Algorithm for UMLS metathesaurus concepts specificity estimation using example of analysis of the semantic model describing axial spondyloarthritis differential diagnostics
https://doi.org/10.25881/18110193_2023_3_30
Abstract
Background. Early axial spondyloarthritis (axSpA) diagnostics is a difficult task requiring clinical decision support (CDS) making. Currently, there is a big unstructured data applicable in CDS systems development.
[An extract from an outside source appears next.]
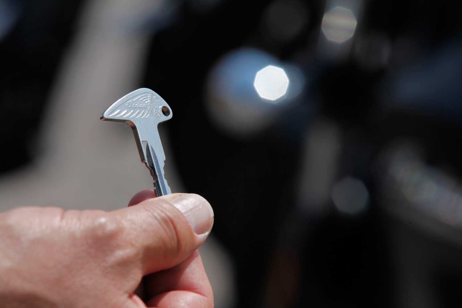 The Scout’s basic layout might be simple but there’s a definite feeling of quality about the bike. Finish seems excellent, in a choice of four colour schemes: matt or gloss black, silver or Indian’s trademark dark red. You don’t get the outrageous styling flourishes of the Chief, with its gigantic front fender and sculpted Indian headdress logo. Instead there’s a generally neat and restrained style about the Scout, though you do get a headdress-shaped ignition key that fits into the left side of the engine.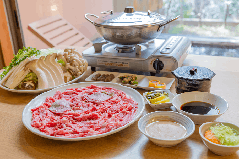 お鍋や食器などのテーブルセッティングはチェックイン前にご用意させていただき、お食事(食材)は夕食のお時間に玄関先までお届けいたします。

Semantic data analysis is a complex issue to solve, and unified tools for named entity recognition are required. The biggest data source for biomedical text annotation is the Unified Medical Language System (UMLS) Metathesaurus. It includes more than 11 million atomic terms for writing of 4.6 million concepts. The main issue in UMLS using for medical text analysis is a presence of numerous unspecified (generic) terms without any clinical value. Their application leads to significant decrease of searching results. That is why tools for automatic specificity degree estimation are needed to be developed.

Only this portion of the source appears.